How big is the USA? You'll have to estimate that too if you don't already know. One way: imagine it's a rectangle that's W miles wide and H miles high; you can look at a map to get rough values for W and H. With apologies to their respective residents, ignore Alaska (no roads) and Hawaii (too small to matter).

(b) How much money would Google spend on gas for all this driving?

(c) Suppose that on average, Google takes one picture every yard (or meter) using ordinary cellphone cameras and stores JPEG images. How many terabytes of disk would it take to store Street View images for the whole USA?

(d) How much would it cost to buy ordinary external backup disks to store this data? You can check sites like Amazon or Best Buy to see how much disks cost if you haven't a clue. [You might find this cautionary tale interesting.]

Many of our electronic gadgets have associated capacity or speed numbers that we discuss in class. Answer the following for your own devices if possible, but if not, use a friend's. Be sure to get the units right.

(a) What is the capacity of the disk in your computer, in gigabytes? Your computer will tell you if you ask it; part of the exercise is figuring out how.

(b) How many gigabytes of RAM does your computer have?

(c) How many pixels does the screen of your computer have horizontally and vertically? How many total pixels is that?

(d) Speedtest.net measures download and upload speeds between your computer and the Internet. What speeds does it report for you, and where were you when you made the measurement? [Note the units: it's megabits per second. If you need to convert, one byte is 8 bits.] How reproducible are the values?

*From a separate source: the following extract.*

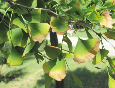 近年來,該銀杏樹出現(xiàn)樹勢衰弱的情況,銀杏葉片小,甚至部分枝條不發(fā)葉的情況,較多老葉邊緣出現(xiàn)焦枯的現(xiàn)象;林業(yè)部門立即聯(lián)系國光名木古樹救護人員,邀請技術(shù)員到現(xiàn)場對古銀杏進(jìn)行診斷。通過現(xiàn)場檢測發(fā)現(xiàn)古銀杏根部的土壤通透性差,土壤PH值偏堿,土壤中有機質(zhì)缺乏;挖開根部的土壤,觀察發(fā)現(xiàn),古銀杏根系有腐爛的情況,根部土壤水分含量較高;較多葉片出現(xiàn)邊緣焦枯的現(xiàn)象(圖1)。

If you prefer, you can download Speedtest or similar programs as a phone app. Tell us which you did, and (even better) what the comparison is between phone and desktop speeds.

#### Submission

Please use this this Google Doc as a template for your answers. It would be a great help if you type your answers so we can read them, but if you prefer to write by hand, that's OK as long as you are very neat. (That is, not like me!)

Either way, convert your answers to PDF and submit them by uploading a file called pset1.pdf to the "Pset1" assignment in Gradescope. When submitting on Gradescope, you will be asked to label each question with the page of the PDF your answer appears on (feel free to reach out if this causes any issues). You can submit as many times as you like; we'll only look at the last one.